Truck News


A driver’s health scare can be a wake-up call for all of us

Sometimes you will have an experience or hear of one that wakes you up to what's really important in your daily life. This was the case for me a couple of weeks ago.

Sometimes you will have an experience or hear of one that wakes you up to what’s really important in your daily life. This was the case for me a couple of weeks ago.

I came face to face with an example of how shaky life can be on the road for all of us. It is an anecdote involving a 911 call and a driver in distress.

Here’s how the story unfolded as related to me by the guys in dispatch as I prepared to leave on my last trip.

A cell phone call came in to the dispatch office that day from one of our drivers experiencing severe chest pain and shortness of breath. This was a single driver doing open board highway work and at the time of the call was on Hwy. 1 in the boondocks of Saskatchewan.

He had pulled off the road near the town of Tompkins which is about halfway between Maple Creek and Swift Current. Our dispatcher called 911 from southern Ontario and related the situation to the operator.

Within a minute of making that call our office received a call from the 911 operator in Swift Current telling them that an ambulance had been dispatched from Gull Lake and would be to our driver within 15 minutes.

About a half-hour later, our dispatcher reached the driver on his cell. He was still very much in physical pain and distressed but was in the ambulance and on his way to the hospital in Swift Current.

We all usually experience similar feelings when we hear a story like this. Our first reaction is one of concern for the person we know. Our second is often surprise that it could happen to that person, since we were just talking to them the other day and they were just fine, giving us no indication of poor health or cause for concern.
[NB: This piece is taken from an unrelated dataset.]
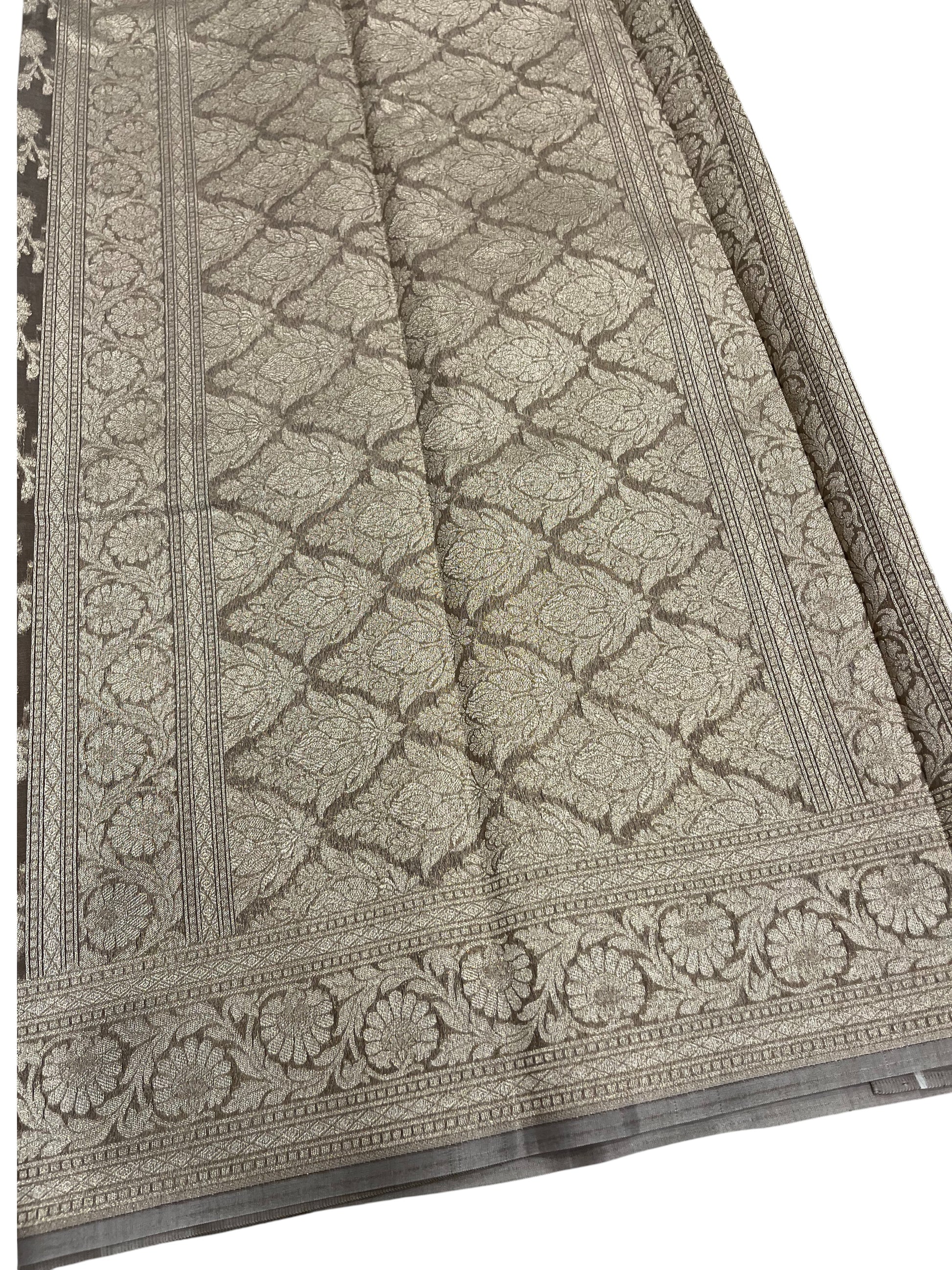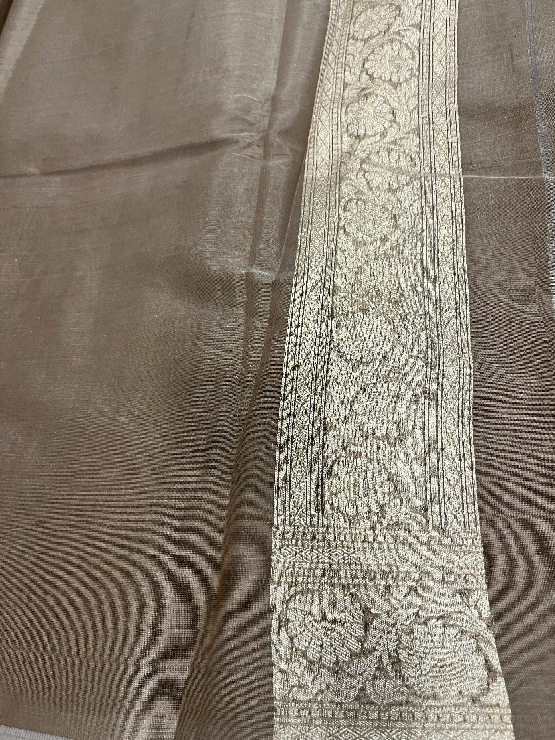 Southloom Cotton Banarasi Silk Saree with Woven Work on Body and Borders(Brown)

We are then often struck by how lucky we are to live in a part of the world that provides us with emergency medical care, even when we are alone and in the middle of nowhere.

The 911 emergency system is pretty incredible. Finally, we start to look at our own state of health and how we would cope in a similar situation.

There has much been written in recent years about the shorter life expectancy for truck drivers in comparison to the rest of the population. The average life expectancy for a North American male is 76 years. Truck drivers can expect to live 10 to 15 years less than that.

That’s a sobering thought. Coping with personal health issues as a truck driver is no easy task. Finding the time to exercise and maintain a routine that provides you with the rest you need to fight off fatigue is a challenge.

It’s also very much a personal choice as to how you choose to live your life.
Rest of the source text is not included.